Since my diagnosis unrefreshing sleep and insomnia have been my constant companions. Sadly, none of the health professionals and scientists I’ve spoken to over the years have been able to offer much insight as to what is causing this and what might help treat it.

There is lack of research into this important aspect of ME. As we all know sleep is the foundation stone of good health for anyone. Those of us who live with dysfunctional sleep all the time it can be very debilitating and have a considerable knock on effect on the other symptoms of our illness.

I recently spoke with Professor Dorothy Bruck about her insights into some of the sleep issues which affect people with ME.

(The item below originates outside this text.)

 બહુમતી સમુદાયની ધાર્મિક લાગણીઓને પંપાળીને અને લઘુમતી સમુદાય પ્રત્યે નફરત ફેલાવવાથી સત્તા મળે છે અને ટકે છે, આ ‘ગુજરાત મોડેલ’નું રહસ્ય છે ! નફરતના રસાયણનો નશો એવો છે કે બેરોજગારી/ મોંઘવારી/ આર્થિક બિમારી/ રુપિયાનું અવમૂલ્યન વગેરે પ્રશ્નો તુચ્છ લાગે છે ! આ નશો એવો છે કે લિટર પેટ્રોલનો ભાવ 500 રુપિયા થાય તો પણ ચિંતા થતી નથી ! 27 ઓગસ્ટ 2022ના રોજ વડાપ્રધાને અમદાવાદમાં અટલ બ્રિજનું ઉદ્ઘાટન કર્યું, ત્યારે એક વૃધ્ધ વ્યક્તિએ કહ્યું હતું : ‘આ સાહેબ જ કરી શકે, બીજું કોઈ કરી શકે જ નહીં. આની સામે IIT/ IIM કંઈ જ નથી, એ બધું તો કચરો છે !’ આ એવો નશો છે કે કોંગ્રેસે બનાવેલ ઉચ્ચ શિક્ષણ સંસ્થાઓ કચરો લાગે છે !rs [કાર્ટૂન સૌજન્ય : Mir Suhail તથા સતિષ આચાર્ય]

Emeritus Professor Bruck’s main area of research interest and expertise is sleep and sleep health. She has been thinking about, and working with, many aspects of sleep for about 40 years. Professor Bruck has had a long academic career at Victoria University in Melbourne, with particular expertise in sleep/wake behaviour, mental health, chronic fatigue syndrome, waking thresholds and human behaviour in emergencies. She has an international research reputation, with over 120 peer-reviewed full-length publications, $2.5 million in competitive grant income, dozens of invited international and national professional speaking engagements, and numerous awards. Professor Bruck’s research has been regularly featured in the media, including Time Magazine and New Scientist. Apart from her academic work Professor Bruck has worked as a sleep psychologist and most recently she was Chair of the Sleep Health Foundation (Australia). She is now semi-retired and lives in the Far South of Tasmania, Australia.

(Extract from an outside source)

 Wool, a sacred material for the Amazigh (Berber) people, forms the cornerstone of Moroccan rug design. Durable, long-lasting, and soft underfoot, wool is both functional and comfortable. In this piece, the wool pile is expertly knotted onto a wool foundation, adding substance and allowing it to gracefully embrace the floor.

Q1. How did you get involved in the field of M.E. research?

I have been a sleep researcher since undertaking my Honours degree in 1978, with a particular interest in disorders of excessive daytime sleepiness such as narcolepsy.  In 2010 my teenage son was diagnosed with ME/CFS, which left him bed and recliner bound for about 10 of the next 15 years. Remarkably he has now improved sufficiently to hold a job with flexible hours.  While he was very sick I met ME/CFS clinicians and researchers in Melbourne and we managed to obtain funding for a series of studies focussing on sleep and gut microbes.  We have since published this research with Melinda Jackson and Amy Wallis as the first authors.

Q2. In October 2021 the National Institute for Clinical Excellence in the UK issued a new guideline for the treatment and care of people with M.E. This guideline recognised that for a diagnosis of M.E. to be made people had to suffer from four key symptoms. Unrefreshing sleep or non-restorative sleep is recognised as one of the core symptoms of the illness. The sleep disturbance experienced by pwME can be broken down into two categories: disturbed sleep patterns and unrefreshing sleep. Despite this, there is remarkably little research being conducted into this core symptom of the illness. Amongst the limited studies that have been done into this issue there appears to be no consensus as to what is causing the sleep dysfunction among pwME. How would you explain the sleep dysfunction experienced by pwME?

I think the dichotomy between disturbed sleep patterns and unrefreshing sleep is quite useful, keeping in mind however, that a pwME/CFS may have both.  Neither are unique to ME/CFS.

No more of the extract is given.